Position bias is the cleanest to demonstrate. Present the same two answers in opposite orders and a biased judge changes its mind, which means its verdict encodes slot position, not quality. Verbosity bias is the one that most directly corrupts leaderboards, because length is trivially easy to manufacture; the "repetitive list attack" in the original paper padded answers with redundant lists that added no information, and the weaker judges fell for it almost every time. ^[1]

Self-preference is the most worrying for fairness. If a lab uses its own flagship model to judge a leaderboard, that model may rank itself above competitors not because it is better but because it likes its own style. Wataoka and colleagues argued the mechanism is partly perplexity: judges rate low-perplexity text (text they find familiar and would have generated themselves) more highly than humans do, which produces self-preference as a side effect. ^[9] Panickssery and colleagues separately showed that models like GPT-4 can recognize their own outputs with non-trivial accuracy and that this self-recognition correlates with the size of the bias. ^[9]

The style-over-substance failure is the one I find most damning, because it inverts what we want. The "Style Outweighs Substance" study built SOS-Bench from 19 benchmarks and found that LLM-judge preferences correlate almost perfectly with stylistic features and only weakly with safety, world knowledge, and instruction-following. A response made sarcastic lost 96% of its score; a response made factually wrong lost only 13%. ^[8] A judge that punishes tone more than falsehood is optimizing for the wrong thing, and any training loop built on it will drift toward confident, well-formatted, possibly incorrect output.

How do you mitigate judge bias?

None of these biases is fatal, and the field has accumulated a reasonable toolkit. The honest framing is that mitigations reduce bias rather than remove it, and most carry a cost in compute or complexity.

Bias	Mitigation	How it helps
Position	Swap order, run both ways, average or require agreement	A verdict that survives a swap is not position-driven; disagreement signals a coin-flip case ^[1]
Verbosity / length	Length-controlled win rates, length-penalized prompts	Statistically removes the length advantage from the score ^[4]
Self-preference	Use a different model family as judge, or a panel	A judge cannot self-favor outputs it did not generate ^[6]^[9]
Reasoning failure	Reference-guided grading, chain-of-thought prompts	Gives the judge a correct solution to check against ^[1]
General miscalibration	Few-shot examples, explicit rubrics, score probabilities	Anchors the judge's scale and steps ^[1]^[7]
Over-trust	Selective judging with human-agreement guarantees	Judge abstains and escalates when unsure ^[11]

Position swapping is standard practice now: run each comparison in both orders and only count a clear win if the judge agrees with itself both times, otherwise call it a tie. Length control, as AlpacaEval demonstrated, can be done after the fact with a regression that conditions on equal length. ^[4] For reasoning, the reference-guided mode is the reliable fix, though it only works when you have a reference.
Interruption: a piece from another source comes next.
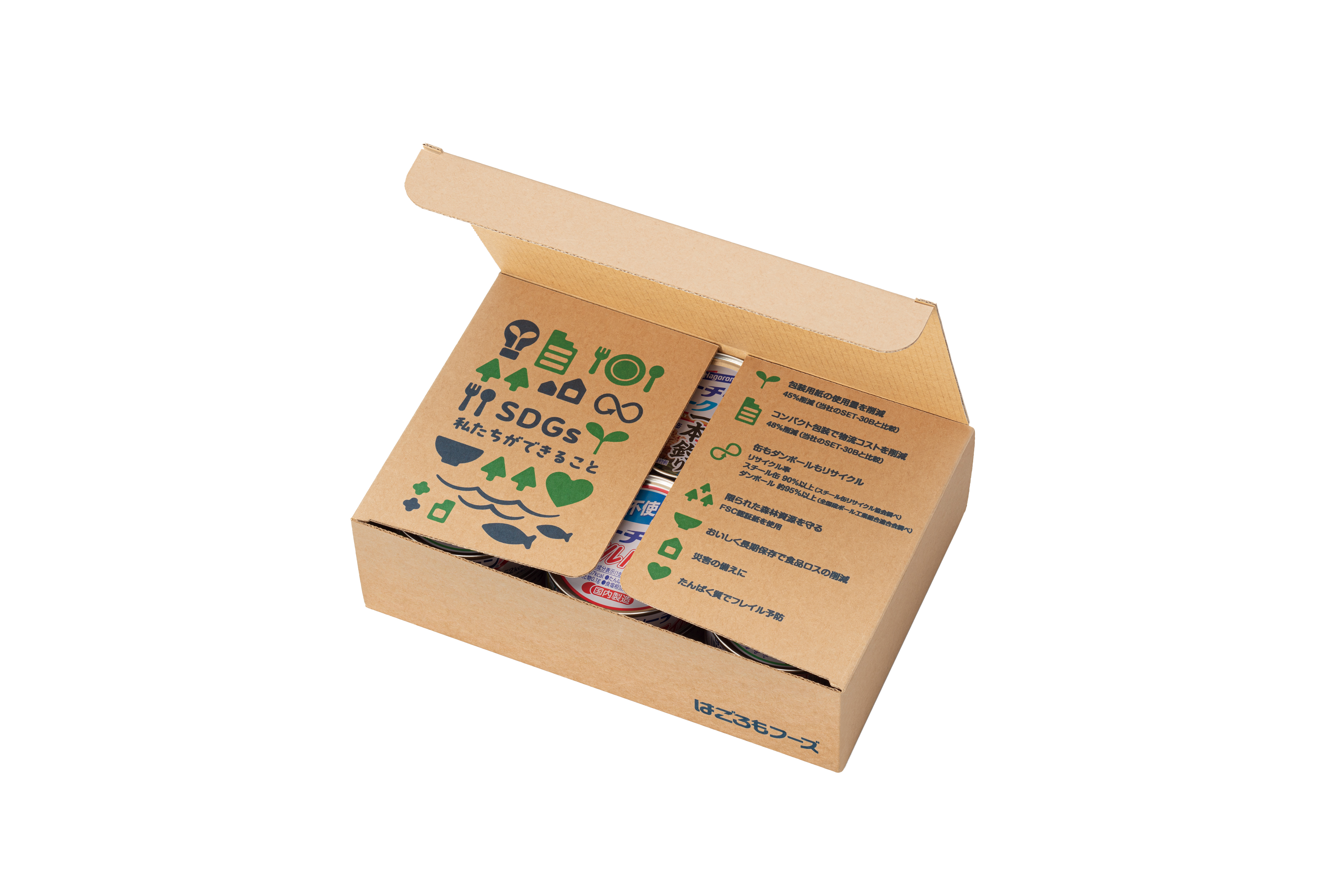 紙資源の使用量の削減を行い、環境に配慮したSDGsなシーチキンの詰合せギフトです。
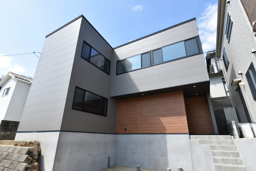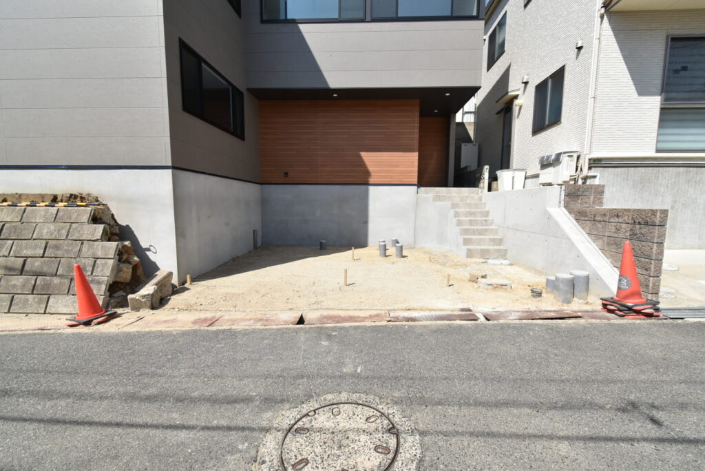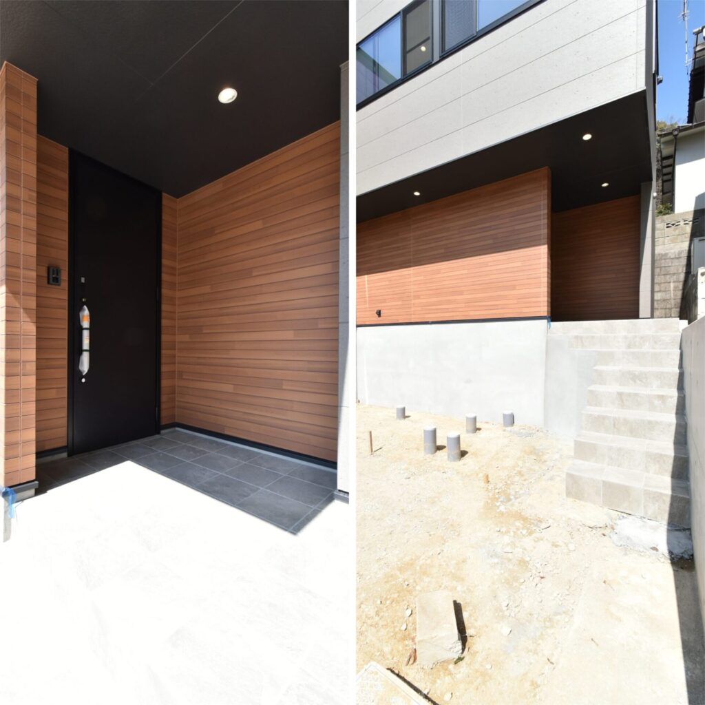 左・玄関前は、しっかりと屋根がかかっていたので、雨の日も落ち着いて傘をさすことができます。ウッド調の外壁もおしゃれでした♪/右・撮影時、外構はまだ施工途中でした。アプローチの階段は少し高さがあったので、安全面と登りやすさの為にも、今後の外構工事で手すりがつくことを願います!!

For calibration, G-Eval introduced a useful trick: instead of taking the judge's single output score, read the probabilities it assigns to each rating token and compute a weighted average, which smooths out the coarse integer scores and improved correlation with humans on summarization to a Spearman of 0.514, well above prior metrics. ^[7]

The most principled line of work treats reliability as a guarantee rather than a hope. "Trust or Escalate" and similar selective-evaluation methods have the judge estimate its own confidence and abstain on low-confidence cases, escalating those to a stronger model or a human, which lets you bound the human-agreement rate of the whole pipeline. ^[11] That is the right mental model: a judge is not a metric you trust unconditionally, it is a metric whose error you should measure and manage.
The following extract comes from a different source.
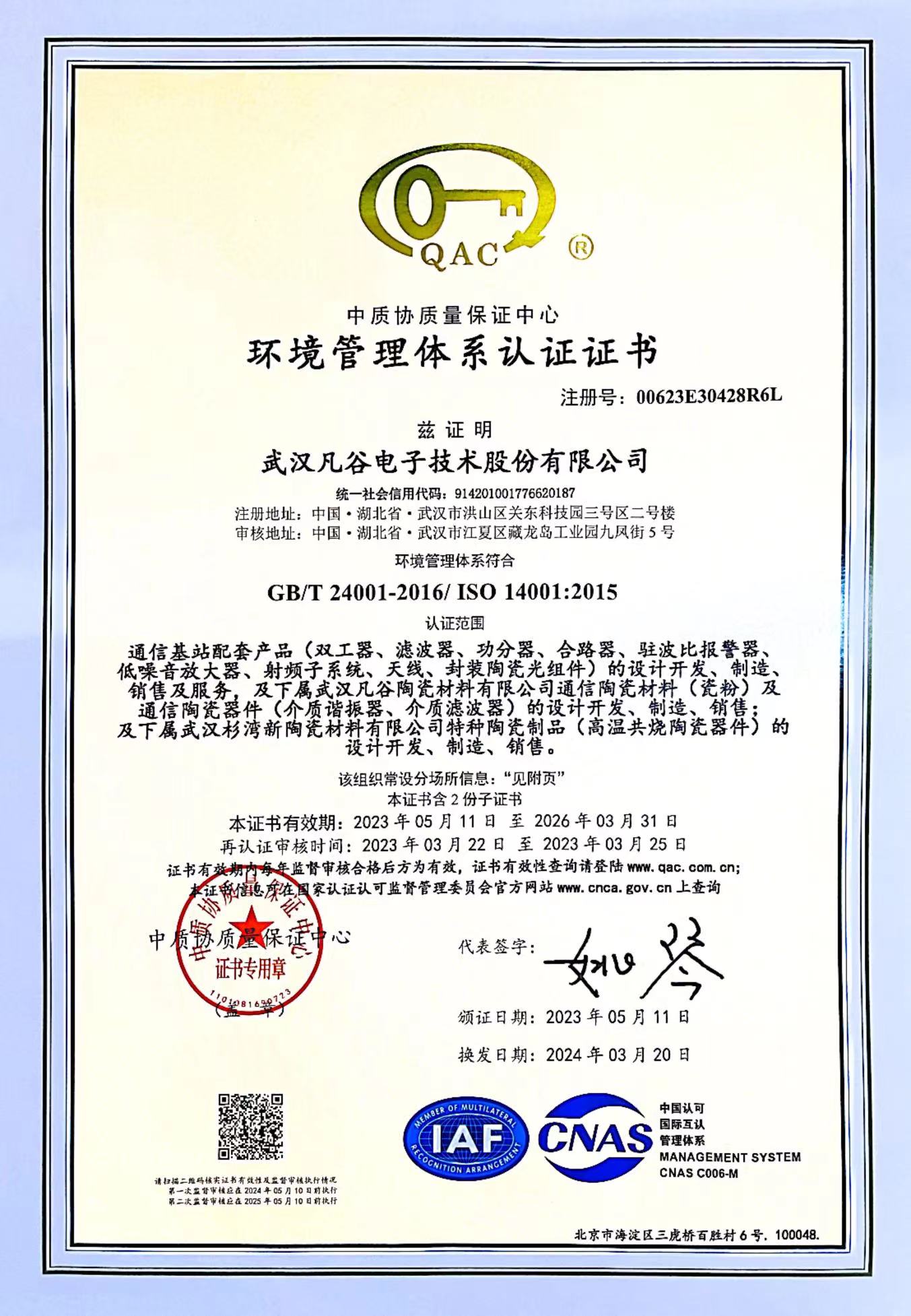 公司自2004年通過ISO14001環境管理體系認證,目前保持有ISO14001:2015管理體系認證證書。

What is a panel of LLM judges (jury)?

One mitigation deserves its own section because it attacks several biases at once. Instead of a single large judge, use a panel of several smaller models and aggregate their votes. Verga and colleagues called this PoLL, a Panel of LLM evaluators. ^[6]

The argument is both statistical and economic. A panel drawn from disjoint model families cannot collectively self-favor, because no single family's style dominates, so intra-model bias largely cancels out. And a handful of small models can be cheaper than one frontier model while correlating better with human judgment. PoLL was evaluated across three settings (single-hop QA, multi-hop QA, and Chatbot Arena) over six datasets, and a panel of smaller models from different families correlated better with human judgments than a single GPT-4 judge while costing more than seven times less. ^[6] The intuition is the same one behind ensembles everywhere: diverse, independent errors average out, and the aggregate is steadier than any member.

The practical knobs are which models to include, how to aggregate (majority vote, average score, or max), and how to handle disagreement. Disagreement among panelists is itself a useful signal: a prompt the panel splits on is probably genuinely ambiguous and may deserve human review.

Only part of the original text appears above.